The reason I was out here in the first place is that I was doing a bit of volunteer work. One of the newer tenants in the mini-mall is the little Aloha Community Library, which was founded in 2011. Washington County doesn't have a single county-wide library system the way Multnomah County does. Instead, each city has its own library system, and in turn those systems are members of the Washington County Cooperative Library Service. This provides for common library cards, inter-library loans, and so forth, and funding through county-wide library levies, but cities are still responsible for siting, building and operating their own libraries. This arrangement is fine so long as you live in an incorporated city. Aloha never quite managed to incorporate, and adjacent cities have lost their former interest in annexing the area, so there was never anyone around with the power to create a library. So as usual Aloha just sort of went without, and residents got used to driving to downtown Hillsboro or Beaverton or up to Tanasbourne just to check out a book. That state of affairs went on for decades until someone finally had the bright idea of starting a nonprofit library outside the county system, and then applying to join once it was up and running. So far this seems to be working. In May 2014 the WCCLS system approved the library's application to join, conditional on passage of the upcoming 2015 library levy.
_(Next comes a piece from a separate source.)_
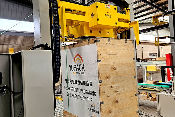 電動(dòng)工具托盤碼垛通過式覆頂膜纏繞捆扎包裝線,是由自適應(yīng)型供棧機(jī)、機(jī)器人碼垛機(jī)、棧板穿劍捆扎機(jī)、通過式覆頂膜機(jī)以及搖臂式纏繞包裝機(jī)組合而成。自適應(yīng)型供棧機(jī)可根據(jù)不同托盤尺寸,自動(dòng)調(diào)整機(jī)器并分配托盤,節(jié)省了人工換產(chǎn)的時(shí)間。

As for why I was volunteering, I actually grew up in Aloha, wayyy out here in the distant 'burbs. The Aloha library would have been a short bike ride from home, if only it had existed when I was a kid. (A helmetless and unsupervised bike ride, I should add, because it was the 1970s). I would have loved it. What's more, they somehow inherited a full set of the short-lived Aloha Breeze newspaper, which was founded in 1974 and absorbed by the Hillsboro Argus in 1983. I asked about it and was told they're looking into scanning the paper and making it available online. Which would be kind of fun, since the paper actually interviewed me (with a photo and everything) when I was in 6th grade and did very well in the school district spelling bee. In any case, if you feel like going to their upcoming book sale fundraiser (September 24th-27th), be aware that I helped semi-alphabetize the fiction section. If you can't find what you're looking for, I'm pretty sure it's that other guy's fault.